В огромном полуразрушенном цехе судоремонтного завода, где когда-то строились корпуса рыболовных судов, гулял ветер. Снег, пробиваясь в дырявую крышу и в щели треснувших от бомбежек стен, наметал сугробы на полу. В углу пустого гулкого цеха была небольшая пристройка. До войны находилась в ней конторка для планерок и перекуров, а теперь, слегка полатав ее, жили там водолазы. Железная «буржуйка» топилась день и ночь, но в комнате стоял промозглый холод, потолок и углы терялись в сыром тумане. Спать матросы ложились на двухэтажные нары в водолазном шерстяном белье, в свитерах, натянув на голову шапку.
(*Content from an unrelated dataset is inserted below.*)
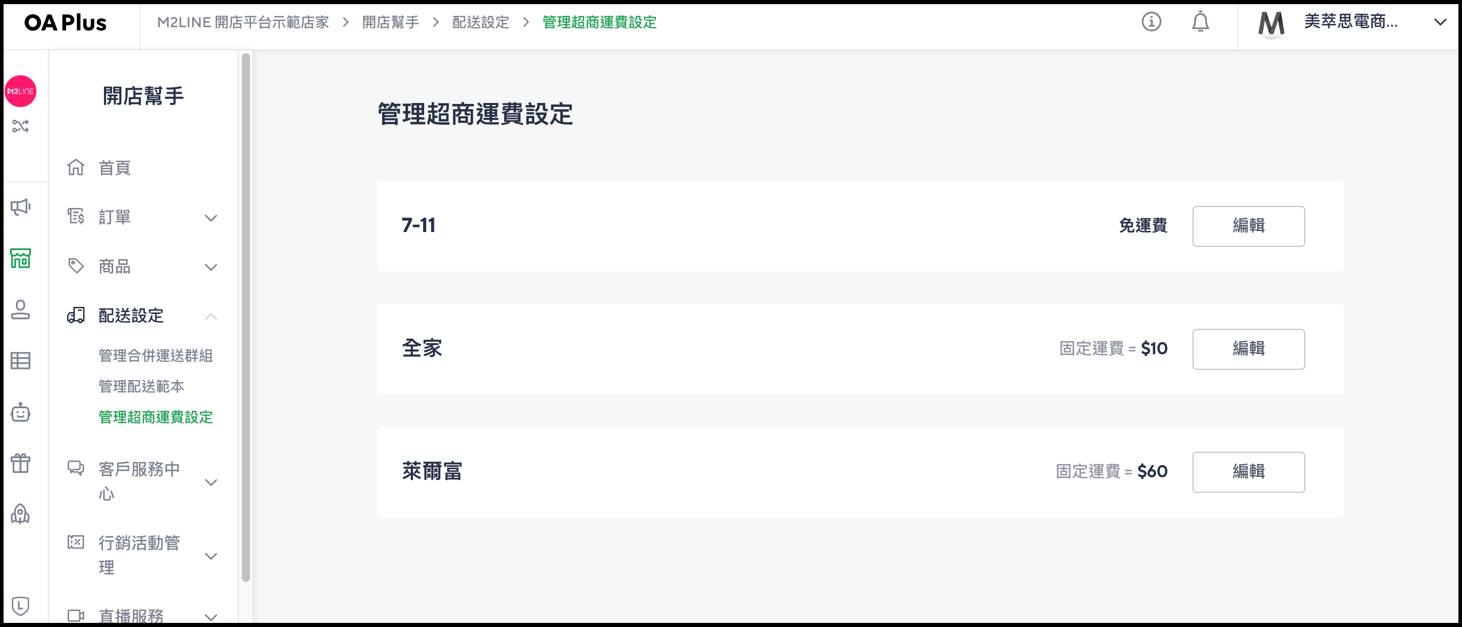 超商運費: 請至【配送設定】>【管理超商運費設定】,針對不同超商(如 7-11、全家)分別點選「編輯」來輸入各自的運費金額。

Укрывшись тонкими отсыревшими одеялами, набросив сверху шинели и полушубки, затихали до утра, если не работали в ночную смену.
Рано утром резал уши переливчатый свист боцманской дудки и ненавистный клич вахтенного:
– По-одъем!
Кашляя, ругаясь, проклиная Север и свою долю, водолазы вставали, ежились, проверяли – высохли ли возле печки свитера, ватные штаны, валенки, и лаялись с вахтенным, обвиняя его в том, что он плохо калил «буржуйку» и не высушил белья.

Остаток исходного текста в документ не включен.